I want to use the word “vireo” in a poem. I want a sentence that does not begin with “I” and has nothing to do with want, regardless of the words it uses. In the morning, walking away from the horses, wondering what, if anything, the crows have to do with me.

The prose is now through with me? There is distance and there is false distance, which is the illusion of distance in which we are all complicit, as servants of “The Man.” In a sense, yes, I have shoes and wear them but in another, no, I have gone shoeless for decades and shall go to my grave thusly.

Like that? The order by which the family alludes to me – allows reference to me – is no longer an order in which I have any influence. One walks for hours through a pine forest that was once a sheep pasture, where now and again one remembers the distinction.

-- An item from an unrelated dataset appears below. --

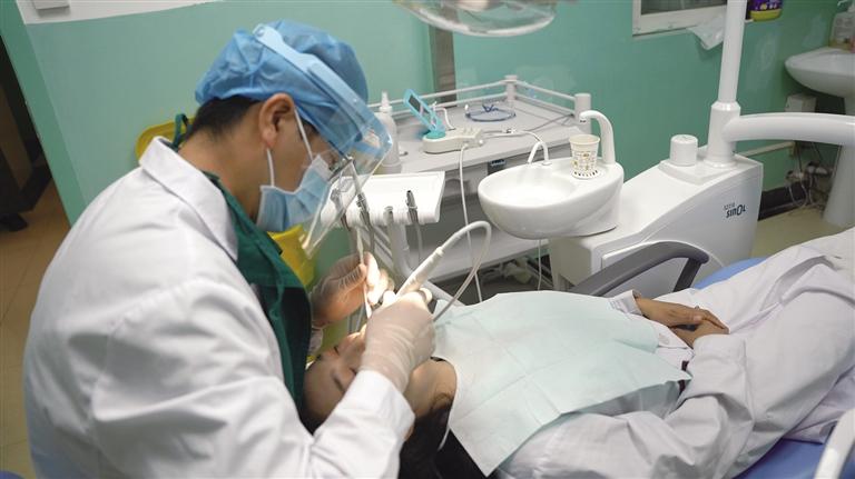 天津市第十批援藏干部、昌都市藏醫(yī)院口腔科副主任醫(yī)師杜斌正在對(duì)患者開(kāi)展口腔治療。記者 貢曲羅杰 鄭常容

Manages the reflection? If you could only see the way your questions are a form of begging for a preferred answer, then you would know peace (or something like it, something near to it). In the bar on Friday I was lost, and scared because I was lost, and angry because I was scared.

Amen. The chimney collapses, or starts to collapse. There is this ongoing need for moonlight, for knowing where precisely the moon has gone, which is a way of being in relationship with the sky, and with distance.

Or did I say that already? Baudrillard warns us that the system is too strong, resistance is futile, and even the rebellion becomes fodder for its ongoing blossoming. A cancer cell, a pretty dell, a resignation to the sound of “oh well.”

There is no outside. The error was laying a rose at her door when what she wanted was a wreath and what we needed – both of us – was a quieter wedding that did not call attention to itself, didn’t insist on beginnings or ends, and studied – not worshiped – the relationship between fireflies and night.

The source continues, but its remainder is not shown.